Years ago, when I was young enough to need a hand to hold on my walk home from school, I had a conversation with my granny about death. I can't remember the context, or why I was asking about it, in fact I hardly remember the conversation at all. Just the one little bit; her answer to my question of why people cry when someone dies. I told her I would cry because I was sad, wouldn't she? In the most gentle of grandparent traditions, she told me a story. Her friend had died, and she had cried then. "I wasn't sad for me," she told me, "but my friend had the most beautiful roses. When she died, I cried because I was sad about the roses. Who would look after the roses?"
This weekend, her husband, my grandpa, passed away.
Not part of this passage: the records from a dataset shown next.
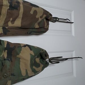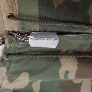 Army camo cargo pants with 7 pockets, button zipper close, tie bottom, and ultra force dog tag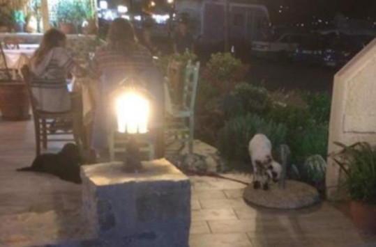 Δεν πίστευε στα μάτια της η νεαρή Βρετανίδα που ανέβασε την συγκεκριμένη φωτογραφία σε μέσο κοινωνικής δικτύωσης. Σύμφωνα με την ίδια η φωτογραφία τραβήχτηκε στον Πλακιά ενω στο σχόλιο της η τουρίστρια γράφει "Αυτό θα μπορούσε να συμβεί μόνο στην Ελλάδα, αυτο το μικρό αρνάκι με λουρί σε εστιατόριο". Η εικόνα ανέβηκε αρχικά στο facebook και άρχισε να κάνει το γύρο του διαδικτύου, με τους χρήστες να σχολιάζουν ποικιλοτρόπως και τον πρωταγωνιστή της υπόθεσης να γίνεται viral. Εκτός από το αρνάκι στα πόδια του ζευγαριού βλέπουμε και ένα σκύλο. Δεν έχει γίνει γνωστό αν ήταν δικός τους, ή αν πρόκειται για αδέσποτο που κάθισε κοντά για ένα μεζέ...
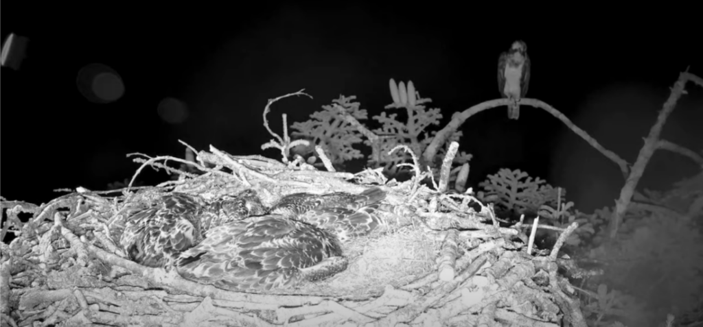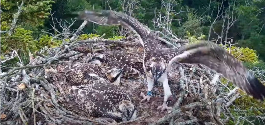 Now that 022 and CJ7 have hatched their four chicks, they are on high alert for any threats from predators. On Saturday, the last day of spring, one of Poole Harbour’s adult white-tailed eagles flew over the nest. This also happened during incubation, when CJ7 hunkered down over the eggs and kept an osprey eye out as it soared overhead. Today, 022 soared into the sky and made sure to see the white-tailed eagle on its way!

He was really tall, and really bald. Our family is famous for our hooked and crooked noses of which he was the proud patriarch. He mumbled an Afrikaans prayer before every meal and for years I tried to decipher his words; I gave up eventually, relishing the mystery of his short incantation. He'd come over to visit and, as we'd all sit outside chatting, he'd bend down and start to weed the lawn, or the driveway, or the minute cracks between tiles on the stoep. He didn't usually heed to the subsequent "Opi, SIT!" from his wife and children. Along with the nose, he gave his five children a work ethic that drives his grandchildren insane. And with that work ethic--similar to what you'd find amongst an efficient troupe of precision elves--he gave us, and gave us all, an unwavering commitment to making things work. Nothing is ever broken; it's just in need of fixing. Oh, and fixing that you'll do yourself. He leaves behind a family who wield power tools like most people wield cutlery.
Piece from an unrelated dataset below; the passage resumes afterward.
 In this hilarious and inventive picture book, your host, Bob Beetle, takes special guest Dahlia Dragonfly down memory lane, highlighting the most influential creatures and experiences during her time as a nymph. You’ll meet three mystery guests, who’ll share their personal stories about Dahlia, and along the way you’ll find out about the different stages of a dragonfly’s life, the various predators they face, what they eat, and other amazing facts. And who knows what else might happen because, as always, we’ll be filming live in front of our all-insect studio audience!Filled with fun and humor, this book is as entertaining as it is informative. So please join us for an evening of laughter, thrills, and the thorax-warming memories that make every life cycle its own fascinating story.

He would have naps on the carpet in their lounge.
It's impossible to credit the different parts of my being to one specific person. But I can make educated guesses. My mother is one of five, three sisters and two brothers. Three sisters who are strong, not strong women, no, strong people. Against any measure, the women in my family are formidable. Born in the 1950s (and '61), they could have missed that train. But they didn't. Maybe some pop-psychologists would critique my grandparents for having high expectations, but they cannot be faulted for their non-discriminatory approach: their daughters were not exempt from becoming fiercely independent and successful individuals.
I had a glass of wine with my aunt yesterday, at one point she asked if I was dating anyone. I told her no, that I'm too busy, that if I wanted to be in a relationship, I'd be in one. She just laughed. "That's the thing with us Kramer women, isn't it? We don't need a partner, we're happy alone." She's right. Somewhere between my grandpa and my grandma, my mother and her sisters learnt that they were fully capable of flourishing in the world by themselves. And flourish they do. It's not just my grandpa, it's not just my mom and her family. But I wouldn't be the woman I am if my mother wasn't the woman she is, and she wouldn't be that woman if her father had treated his daughters like men treated women in the 1950s.
There are no roses, literal or otherwise, that will need looking after now that my grandpa's gone. My granny kept sane through five children and a career of professional and personal caring, so she'll be fine. We'll all be fine.
So I don't cry for the roses, no. I cry because, like eight year old Jen, I'm sad.